## WHAT IS REQUIRED:
With the images left out, print all of the records below exactly.

** Opening SUPPLIED ENTRIES block **

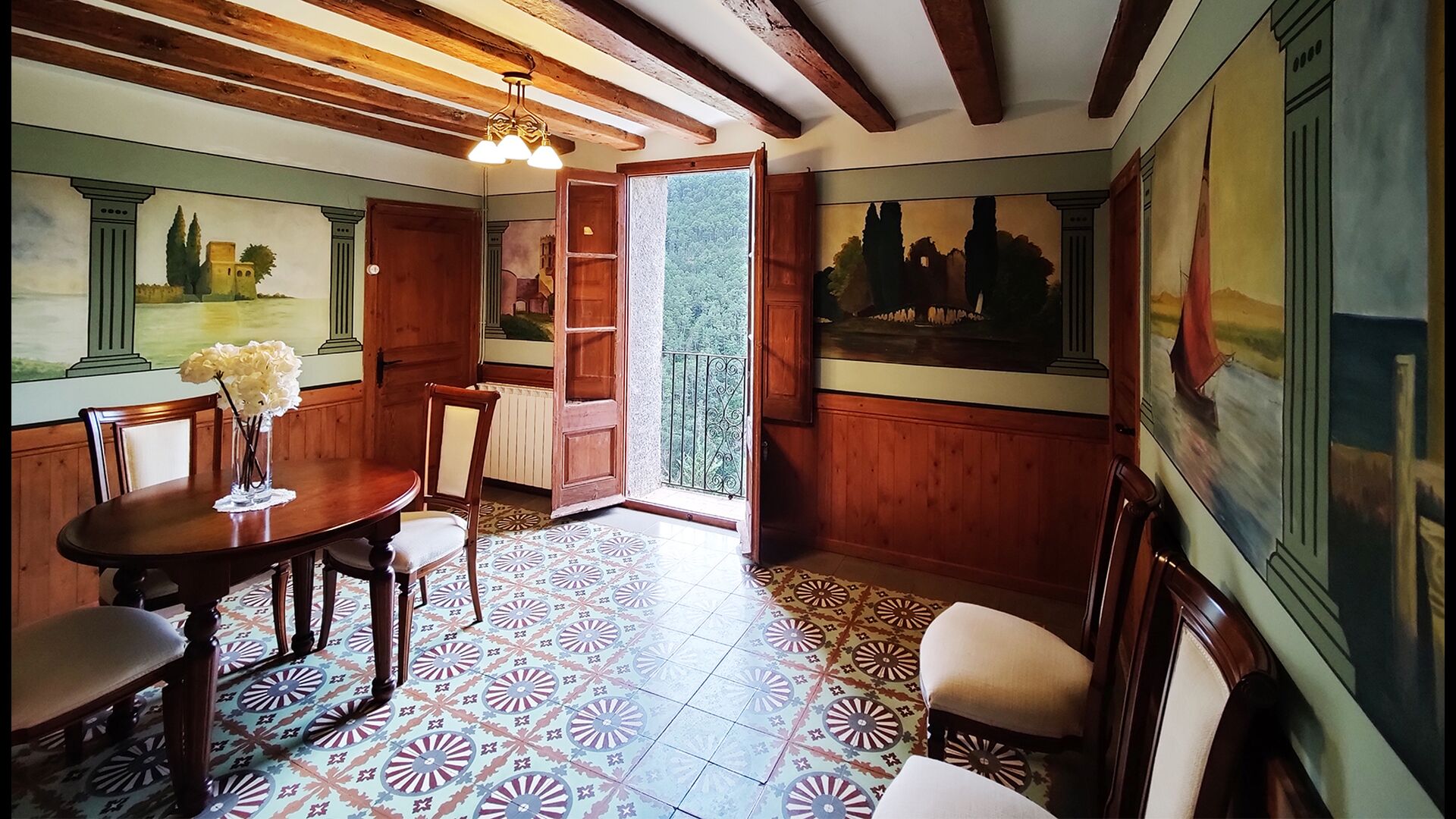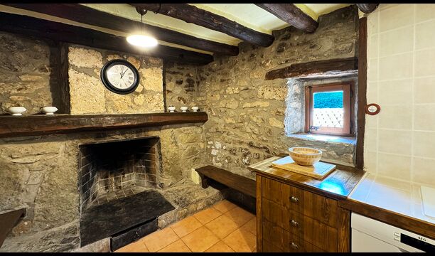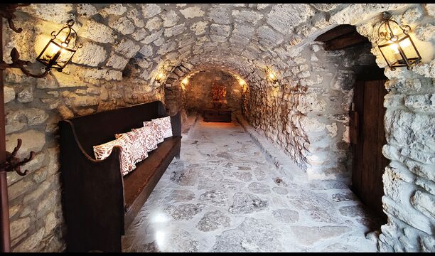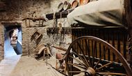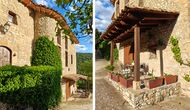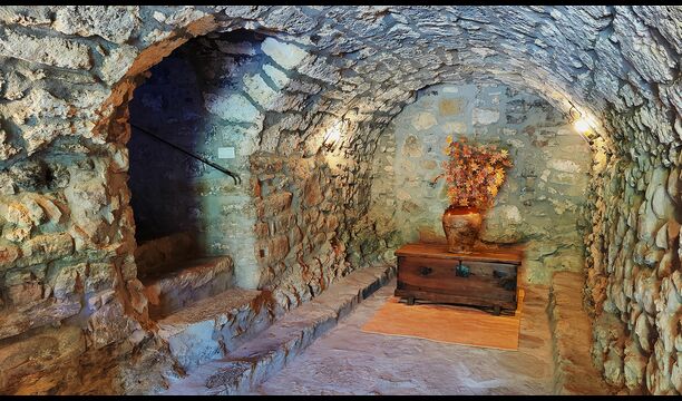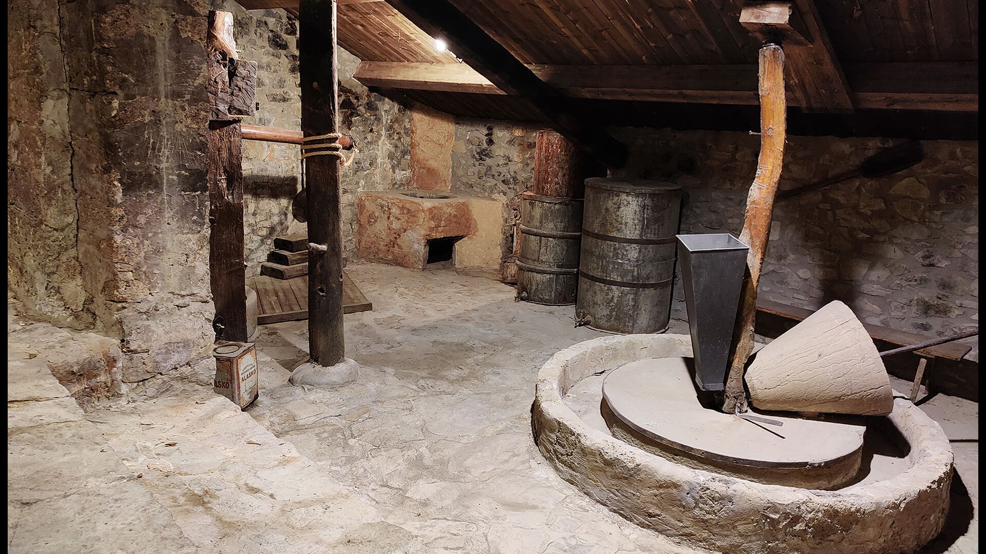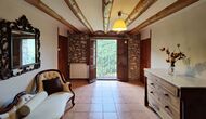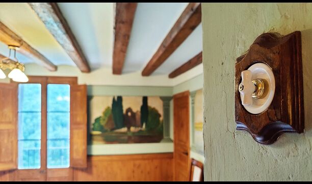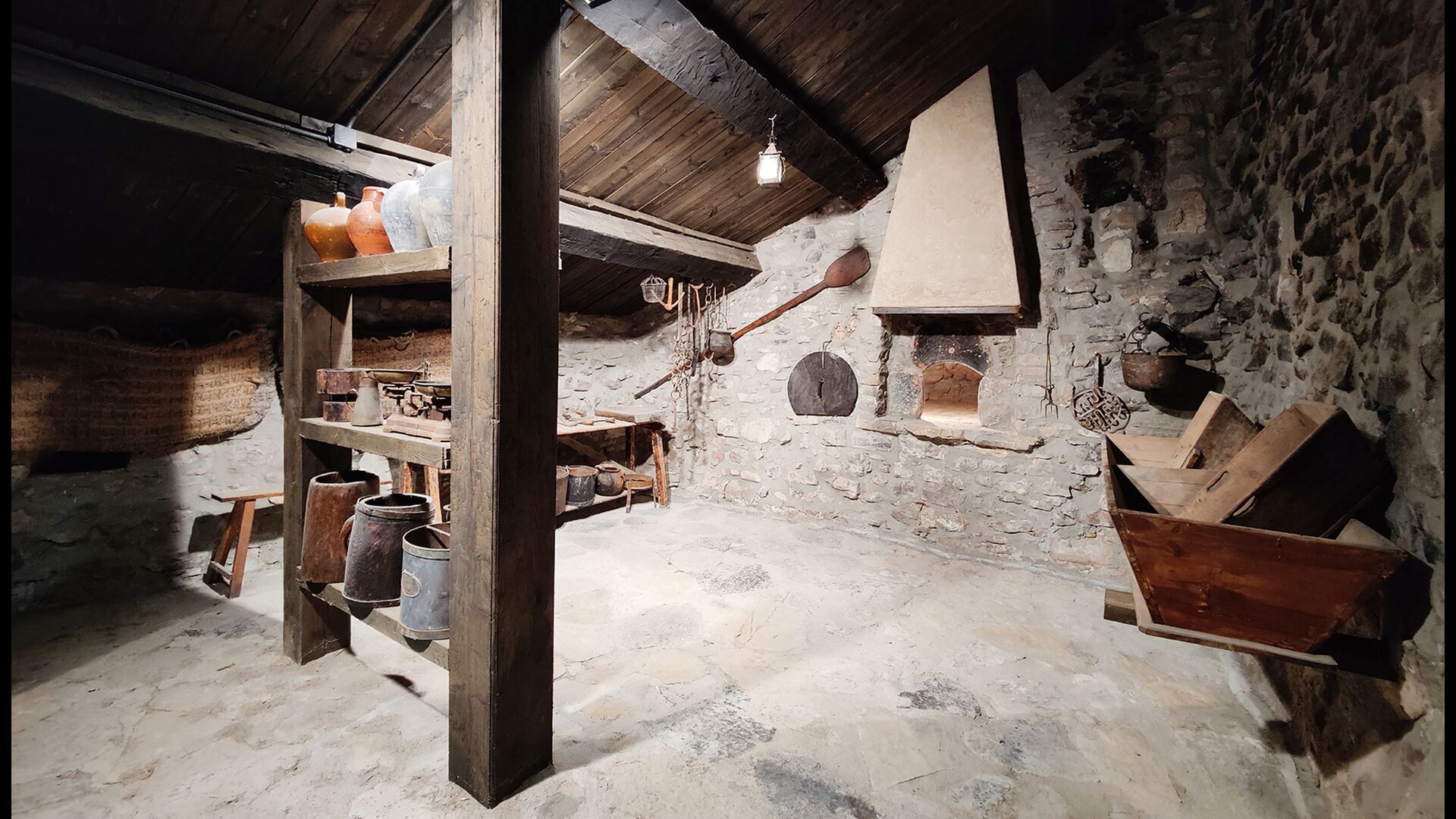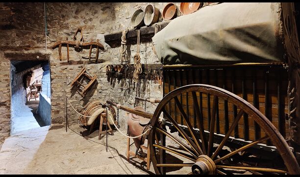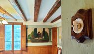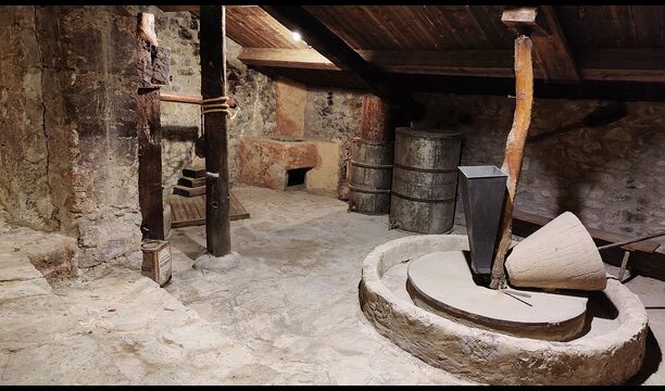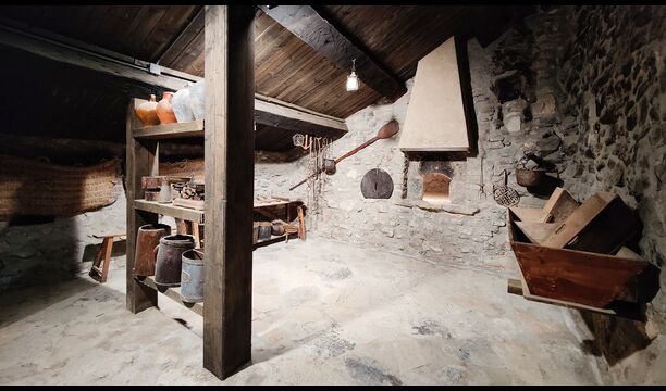 La propriété possède d’épais murs en pierre, une solide porte d’entrée en bois et même des fresques du XVIIIe siècle préservées, témoignant de la longue histoire de ce domaine rural traditionnel. Une petite chapelle et un musée reliés à la maison présentent des outils et des espaces illustrant la vie quotidienne dans une ferme de montagne autosuffisante autrefois.
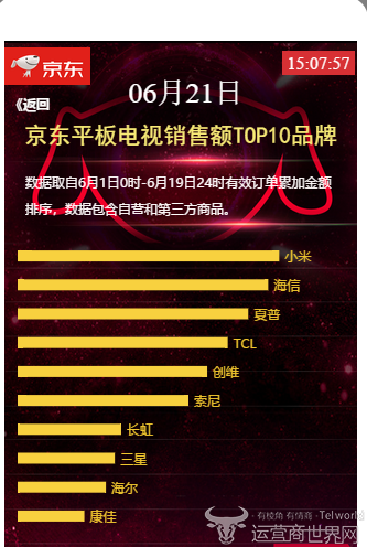 根据京东发布的6月1日0时-6月19日24时数据可以看到,创维此次在京东平板电视销售额TOP10品牌中排名第五,而小米、海信、夏普、TCL占据销售额排行榜第一至第四名。
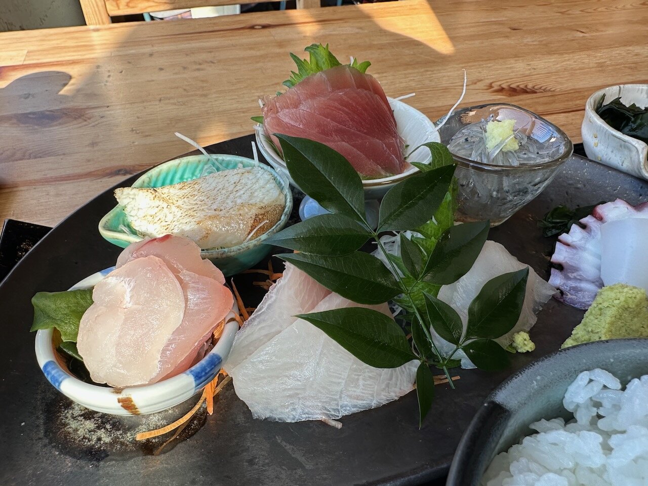 白身魚は大変甘みのつよい新鮮なもので、わさび醬油と白米に最高に合う!
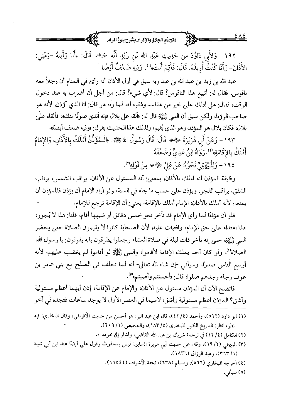 192 - ولأبي داود من حديث عبد الله بن زيدٍ أنه رضي الله عنهما قال: «أنا رأيته - يعني: الأذان - وأنا كنت أريده. قال: فأقم أنت». وفيه ضعف أيضًا.
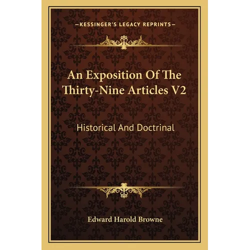 ""An Exposition of the Thirty-Nine Articles V2: Historical and Doctrinal"" is a book written by Edward Harold Browne that provides a detailed analysis and explanation of the Thirty-Nine Articles, which are a set of statements of belief used in the Church of England. The book is divided into two parts: the first part focuses on the historical background and development of the Articles, while the second part delves into the doctrinal implications of each Article. Browne's work is considered a seminal text in the study of Anglican theology, and has been praised for its thoroughness and clarity. The book is aimed at scholars, theologians, and anyone interested in the history and theology of the Church of England. It provides a comprehensive overview of the Thirty-Nine Articles, their origins, and their significance in the Anglican tradition. Overall, ""An Exposition of the Thirty-Nine Articles V2: Historical and Doctrinal"" is a valuable resource for anyone seeking to deepen their understanding of Anglican theology and the Church of England's beliefs.In Two Volumes. Being The Substance Of A Course Of Lectures Delivered To Candidates For Orders At St. David�������s College, Lampeter.This scarce antiquarian book is a facsimile reprint of the old original and may contain some imperfections such as library marks and notations. Because we believe this work is culturally important, we have made it available as part of our commitment for protecting, preserving, and promoting the world's literature in affordable, high quality, modern editions, that are true to their original work.
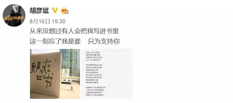 后来,胡彦斌发了微博:“从来没有想过有人会把我写进书里,这一刻忘了我是谁,只为支持你。”
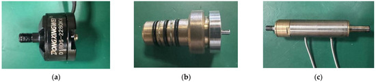 The physical diagram of main components. (a) brushless DC motor; (b) 2D pump; (c) hydraulic cylinder.
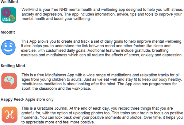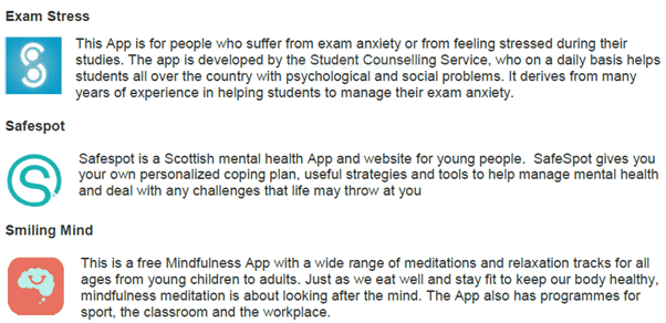 NHS Ayrshire & Arran’s Public Mental Health & Wellbeing Network has prepared guidance on some examples of Apps and websites to support mental health and wellbeing; we do not endorse or recommend particular resources, and encourage you to carefully explore resources before you use them. All the Apps are free to download but some do have in app purchases so we urge you to be cautious when exploring some of the features. (October 2019)
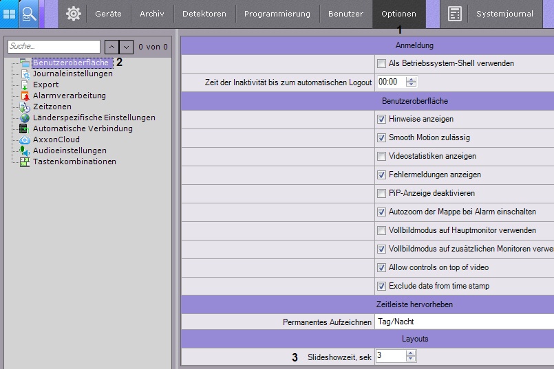 - Legen Sie in der Einstellungsgruppe Layouts im Feld Anzeigedauer eine Verweilzeit fuer jedes Layout fest (3).
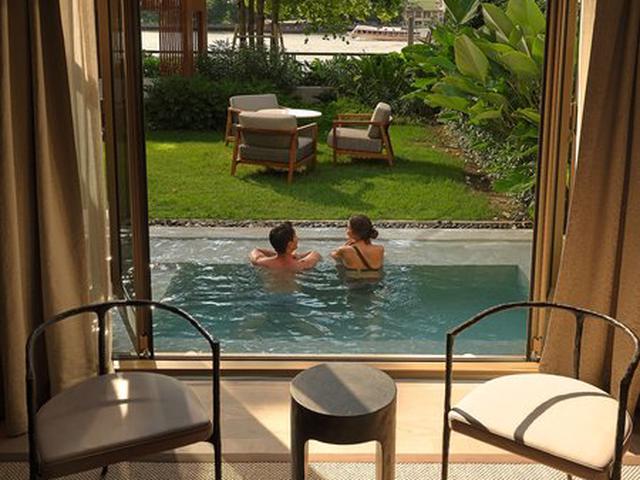 - Riverfront Verandah (DZX3), Nichtraucherzimmer, im Hauptgebäude, Flussseite, Flussblick, ca. 137 m², Gesamtanzahl der Räume in diesem Zimmertyp: 1, Aufteilung wie folgt: kombiniertes Wohn-/Schlafzimmer, 1 King Size Bett (203x203cm), 1 Schlafsofa, Babybett: ohne Gebühr, Anfrage & Reservierung notwendig, Klimaanlage: ohne Gebühr, individuell regelbar, kalt, Fußboden: Teppichboden, Parkett, Safe: ohne Gebühr, Deckenventilator, Sitzecke, Sofa, Schreibtisch, Kühlschrank: ohne Gebühr, Nespressomaschine, Kaffee-/Teezubereiter, Wasserkocher, Minibar: gegen Gebühr, Softdrinks: ohne Gebühr, Wasser: ohne Gebühr, alkoholische Getränke: gegen Gebühr, Snacks: gegen Gebühr, Minibarauffüllung: täglich, Telefon, Internet: WLAN/WiFi: ohne Gebühr, Fernseher: Flatscreen, im Schlafzimmer, Deutsche Welle, Sat-TV, Kabel-TV, Roomservice: täglich 24 Stunden, gegen Gebühr, Butlerservice: täglich, ohne Gebühr, Reinigungsservice: täglich, ohne Gebühr, Tageszeitung: ohne Gebühr, Sprachen: englisch, separate Dusche, Regendusche, Badewanne im Zimmer, WC, Bademantel: ohne Gebühr, Slipper: ohne Gebühr, Föhn, Kosmetikspiegel, Terrasse: mit Liegen, mit Sitzgelegenheit, Veranda, mit Whirlpool

** Closing SUPPLIED ENTRIES block **

## TASK OUTPUT:
 La propriété possède d’épais murs en pierre, une solide porte d’entrée en bois et même des fresques du XVIIIe siècle préservées, témoignant de la longue histoire de ce domaine rural traditionnel. Une petite chapelle et un musée reliés à la maison présentent des outils et des espaces illustrant la vie quotidienne dans une ferme de montagne autosuffisante autrefois.
 根据京东发布的6月1日0时-6月19日24时数据可以看到,创维此次在京东平板电视销售额TOP10品牌中排名第五,而小米、海信、夏普、TCL占据销售额排行榜第一至第四名。
 白身魚は大変甘みのつよい新鮮なもので、わさび醬油と白米に最高に合う!
 192 - ولأبي داود من حديث عبد الله بن زيدٍ أنه رضي الله عنهما قال: «أنا رأيته - يعني: الأذان - وأنا كنت أريده. قال: فأقم أنت». وفيه ضعف أيضًا.
 ""An Exposition of the Thirty-Nine Articles V2: Historical and Doctrinal"" is a book written by Edward Harold Browne that provides a detailed analysis and explanation of the Thirty-Nine Articles, which are a set of statements of belief used in the Church of England. The book is divided into two parts: the first part focuses on the historical background and development of the Articles, while the second part delves into the doctrinal implications of each Article. Browne's work is considered a seminal text in the study of Anglican theology, and has been praised for its thoroughness and clarity. The book is aimed at scholars, theologians, and anyone interested in the history and theology of the Church of England. It provides a comprehensive overview of the Thirty-Nine Articles, their origins, and their significance in the Anglican tradition. Overall, ""An Exposition of the Thirty-Nine Articles V2: Historical and Doctrinal"" is a valuable resource for anyone seeking to deepen their understanding of Anglican theology and the Church of England's beliefs.In Two Volumes. Being The Substance Of A Course Of Lectures Delivered To Candidates For Orders At St. David�������s College, Lampeter.This scarce antiquarian book is a facsimile reprint of the old original and may contain some imperfections such as library marks and notations. Because we believe this work is culturally important, we have made it available as part of our commitment for protecting, preserving, and promoting the world's literature in affordable, high quality, modern editions, that are true to their original work.
 后来,胡彦斌发了微博:“从来没有想过有人会把我写进书里,这一刻忘了我是谁,只为支持你。”
 The physical diagram of main components. (a) brushless DC motor; (b) 2D pump; (c) hydraulic cylinder.
 NHS Ayrshire & Arran’s Public Mental Health & Wellbeing Network has prepared guidance on some examples of Apps and websites to support mental health and wellbeing; we do not endorse or recommend particular resources, and encourage you to carefully explore resources before you use them. All the Apps are free to download but some do have in app purchases so we urge you to be cautious when exploring some of the features. (October 2019)
 - Legen Sie in der Einstellungsgruppe Layouts im Feld Anzeigedauer eine Verweilzeit fuer jedes Layout fest (3).
 - Riverfront Verandah (DZX3), Nichtraucherzimmer, im Hauptgebäude, Flussseite, Flussblick, ca. 137 m², Gesamtanzahl der Räume in diesem Zimmertyp: 1, Aufteilung wie folgt: kombiniertes Wohn-/Schlafzimmer, 1 King Size Bett (203x203cm), 1 Schlafsofa, Babybett: ohne Gebühr, Anfrage & Reservierung notwendig, Klimaanlage: ohne Gebühr, individuell regelbar, kalt, Fußboden: Teppichboden, Parkett, Safe: ohne Gebühr, Deckenventilator, Sitzecke, Sofa, Schreibtisch, Kühlschrank: ohne Gebühr, Nespressomaschine, Kaffee-/Teezubereiter, Wasserkocher, Minibar: gegen Gebühr, Softdrinks: ohne Gebühr, Wasser: ohne Gebühr, alkoholische Getränke: gegen Gebühr, Snacks: gegen Gebühr, Minibarauffüllung: täglich, Telefon, Internet: WLAN/WiFi: ohne Gebühr, Fernseher: Flatscreen, im Schlafzimmer, Deutsche Welle, Sat-TV, Kabel-TV, Roomservice: täglich 24 Stunden, gegen Gebühr, Butlerservice: täglich, ohne Gebühr, Reinigungsservice: täglich, ohne Gebühr, Tageszeitung: ohne Gebühr, Sprachen: englisch, separate Dusche, Regendusche, Badewanne im Zimmer, WC, Bademantel: ohne Gebühr, Slipper: ohne Gebühr, Föhn, Kosmetikspiegel, Terrasse: mit Liegen, mit Sitzgelegenheit, Veranda, mit Whirlpool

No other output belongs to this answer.